Norman knight (1100–1159)

Robert d'Aguiló (c. 1100 - c. 1159), also known as Robert Bordet, was a Norman knight who moved from Normandy to Catalonia in the early 12th century. He was a native of Cullei (modern Rabodanges in Orne, France), as reported by Orderic Vitalis, and his name d'Aguiló is a catalanized form of "d'Aculley" or "de Culley" that he adopted after marrying the daughter of a Catalan noble.

In 1124 Robert became governor of the newly conquered territory of Tudela and held that post for the next two years. Three years after his term office, on 14 March 1129, he was ceded secular authority in the district of Tarragona by Olegarius, Bishop of Barcelona, with the title of "Prince of Tarragona" (princeps Tarraconensis), effectively the archiepiscopate's vidame or defensor (defender, advocate).

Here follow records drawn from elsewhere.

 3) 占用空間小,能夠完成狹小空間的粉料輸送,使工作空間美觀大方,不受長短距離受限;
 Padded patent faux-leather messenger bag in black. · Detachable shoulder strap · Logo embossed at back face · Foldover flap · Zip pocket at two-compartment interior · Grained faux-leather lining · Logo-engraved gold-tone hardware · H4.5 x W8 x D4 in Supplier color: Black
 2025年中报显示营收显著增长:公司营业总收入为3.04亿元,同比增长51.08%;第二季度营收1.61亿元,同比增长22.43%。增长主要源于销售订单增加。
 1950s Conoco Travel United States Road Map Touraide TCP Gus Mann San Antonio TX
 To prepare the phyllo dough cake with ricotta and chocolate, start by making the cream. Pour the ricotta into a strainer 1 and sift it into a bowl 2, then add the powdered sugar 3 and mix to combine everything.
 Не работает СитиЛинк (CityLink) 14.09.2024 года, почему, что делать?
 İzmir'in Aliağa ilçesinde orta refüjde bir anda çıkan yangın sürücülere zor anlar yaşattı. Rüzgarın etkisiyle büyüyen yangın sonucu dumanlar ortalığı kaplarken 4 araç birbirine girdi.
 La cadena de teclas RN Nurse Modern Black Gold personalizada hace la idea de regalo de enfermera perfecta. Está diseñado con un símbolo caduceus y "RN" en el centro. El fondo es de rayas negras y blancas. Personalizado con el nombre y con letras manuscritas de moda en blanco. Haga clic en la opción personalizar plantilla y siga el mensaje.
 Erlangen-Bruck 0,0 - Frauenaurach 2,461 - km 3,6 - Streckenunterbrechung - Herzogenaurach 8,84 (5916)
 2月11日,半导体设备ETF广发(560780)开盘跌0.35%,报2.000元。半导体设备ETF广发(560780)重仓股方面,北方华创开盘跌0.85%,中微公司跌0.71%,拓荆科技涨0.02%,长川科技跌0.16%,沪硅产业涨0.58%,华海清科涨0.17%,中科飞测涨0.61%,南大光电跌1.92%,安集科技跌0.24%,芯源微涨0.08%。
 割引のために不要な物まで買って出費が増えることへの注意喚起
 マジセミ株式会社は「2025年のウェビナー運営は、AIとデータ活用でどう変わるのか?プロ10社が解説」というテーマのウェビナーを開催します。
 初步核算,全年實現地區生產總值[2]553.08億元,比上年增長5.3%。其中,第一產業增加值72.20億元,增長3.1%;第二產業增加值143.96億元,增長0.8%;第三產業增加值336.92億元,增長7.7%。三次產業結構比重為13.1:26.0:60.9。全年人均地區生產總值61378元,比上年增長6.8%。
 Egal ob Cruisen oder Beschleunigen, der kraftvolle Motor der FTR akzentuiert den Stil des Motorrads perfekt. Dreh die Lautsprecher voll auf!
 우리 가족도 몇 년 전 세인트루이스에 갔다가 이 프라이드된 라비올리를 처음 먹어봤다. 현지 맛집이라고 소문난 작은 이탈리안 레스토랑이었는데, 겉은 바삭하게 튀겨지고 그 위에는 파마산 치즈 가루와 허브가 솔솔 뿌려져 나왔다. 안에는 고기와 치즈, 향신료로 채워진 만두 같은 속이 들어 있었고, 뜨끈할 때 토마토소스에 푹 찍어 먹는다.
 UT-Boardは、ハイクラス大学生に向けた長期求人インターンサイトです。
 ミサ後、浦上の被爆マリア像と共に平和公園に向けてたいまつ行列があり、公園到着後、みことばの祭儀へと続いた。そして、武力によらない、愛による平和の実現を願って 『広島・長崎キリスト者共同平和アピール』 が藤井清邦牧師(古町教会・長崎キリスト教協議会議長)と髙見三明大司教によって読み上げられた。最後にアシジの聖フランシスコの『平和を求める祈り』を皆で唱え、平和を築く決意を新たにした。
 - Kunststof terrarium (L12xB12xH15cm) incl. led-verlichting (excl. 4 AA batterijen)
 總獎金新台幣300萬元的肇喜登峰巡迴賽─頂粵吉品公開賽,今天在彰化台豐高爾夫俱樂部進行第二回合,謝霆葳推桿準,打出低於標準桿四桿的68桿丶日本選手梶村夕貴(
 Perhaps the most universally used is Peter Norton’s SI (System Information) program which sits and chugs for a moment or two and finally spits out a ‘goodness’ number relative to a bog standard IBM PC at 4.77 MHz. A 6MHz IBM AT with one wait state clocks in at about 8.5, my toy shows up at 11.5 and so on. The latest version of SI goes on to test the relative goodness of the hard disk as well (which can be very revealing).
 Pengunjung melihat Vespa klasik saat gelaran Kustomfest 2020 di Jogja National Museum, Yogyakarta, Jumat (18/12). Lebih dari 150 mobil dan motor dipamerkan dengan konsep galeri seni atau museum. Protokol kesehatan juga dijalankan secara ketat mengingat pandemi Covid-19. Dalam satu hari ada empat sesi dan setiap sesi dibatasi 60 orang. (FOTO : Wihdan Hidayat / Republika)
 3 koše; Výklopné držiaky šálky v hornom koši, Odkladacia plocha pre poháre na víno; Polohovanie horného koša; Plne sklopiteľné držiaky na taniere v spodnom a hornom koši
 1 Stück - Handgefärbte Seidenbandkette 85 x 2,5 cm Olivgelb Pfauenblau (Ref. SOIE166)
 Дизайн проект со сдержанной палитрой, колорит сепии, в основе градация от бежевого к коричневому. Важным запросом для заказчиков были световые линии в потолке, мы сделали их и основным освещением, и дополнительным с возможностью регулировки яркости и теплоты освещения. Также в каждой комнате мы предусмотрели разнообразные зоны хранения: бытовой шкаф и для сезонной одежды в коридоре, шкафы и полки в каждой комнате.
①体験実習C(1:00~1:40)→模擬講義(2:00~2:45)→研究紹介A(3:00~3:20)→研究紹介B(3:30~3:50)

His position in Tarragona he maintained until 1153.

On 24 January 1150 Robert granted the lordship of Riudoms to Arnau de Palomar. In 1149 Robert granted a charter to the city of Tarragona, and appointed one Guillem (William) as lord of the city, but Guillem was forced to resign in 1157. This occurred after he attempted to transfer his rights in the city to the Count of Barcelona but Robert rejected the agreement. On 29 April 1157 the lordship of Reus was granted by Robert to the Church of Tarragona but it was transferred to Bertran de Castellet less than two months later on 3 June. Two years later (1159) an ephemeral agreement between the count, the bishop, and Robert was reached.

Robert was married to Agnes Sibylla (died 1170), and had four sons by her: Guillem (William, died 1168), Robert, Ricard (Richard), and Berenguer (Berengar, who in conjunction with Robert, assassinated Bishop Hug de Cervelló in 1171).